The panel also included the president of the Parliamentary Front to Support Cooperatives of RS (Frencoop/RS), deputy Elton Weber, who, representing the Legislative Assembly, highlighted the relevance of greater participation of the cooperative sector in national politics. “We have to talk about politics because the pillar of development is cooperativism. I do not believe that society can be built without participation. This meeting here today is cooperative politics”, said the parliamentarian whose origins are linked to the movement and family farming. Weber highlighted the need for structural reforms such as Social Security, but warned that the Bolsonaro government's initial project needs to be discussed and improved. “We need to have the debate.
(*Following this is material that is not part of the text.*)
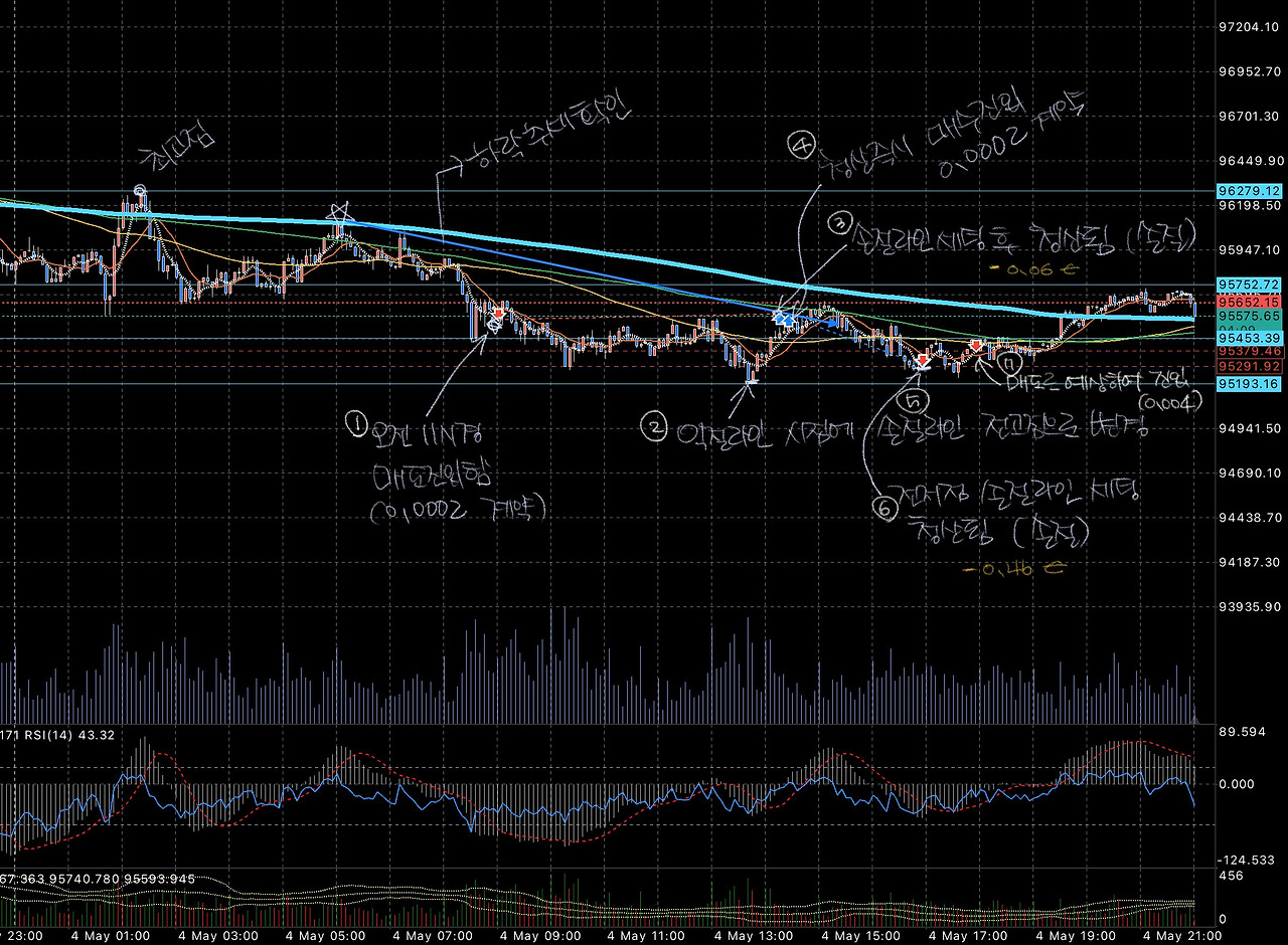 거래량이 대폭 상승했고 하락으로 긴 음봉이 나온 시점을 시작으로 추세선을 그어보니 하락추세인 것으로 예상되어 저점을 찍고 살짝 반등한 후 하락 전환 시점에 0.0002 계약으로 매도 진입에 뛰어듬.

The reform needs to happen and be voted on this year, but we need to calibrate this issue. And that is doing politics.” The action of cooperative leaders on the national scene also set the tone for the speech by the president of the Organization of Brazilian Cooperatives (OCB), Márcio Lopes de Freitas, who recalled his first attempts to bring politics into the debates of the cooperative sector, when it was still worked alongside his father. “I convinced my father that it was not a question of having ideology in the cooperative, but of helping to have representatives working for the sector,” he said, remembering that Brazil has 7,8 cooperatives that earn R$450 billion a year. “We are an economic mass and a fundamental social mass. We cannot afford not to have political representation and seek our rights.”
Mediating the table, the president of the CCGL, Caio Vianna, reinforced that the productive sector needs support from public policies that facilitate the activity of the private sector, and not the other way around, with actions that come to bureaucratize, hinder and delay the investments that the The country needs it so much, but it also has the duty to fulfill its role in the sectors that are originally within its competence, such as education, public security and health. “Sometimes we think that everything depends on the government, but here we realize that there is still a lot to do within the gate, a lot to do after the gate, to evolve in our cooperatives, but always thinking about systemic growth. The public authorities have to allow us to carry out our projects”, he highlighted. Vianna also cited the high taxation imposed on the sector and the lack of investments in infrastructure or deregulation for the private sector to allow rural producers to sell their production efficiently and profitably.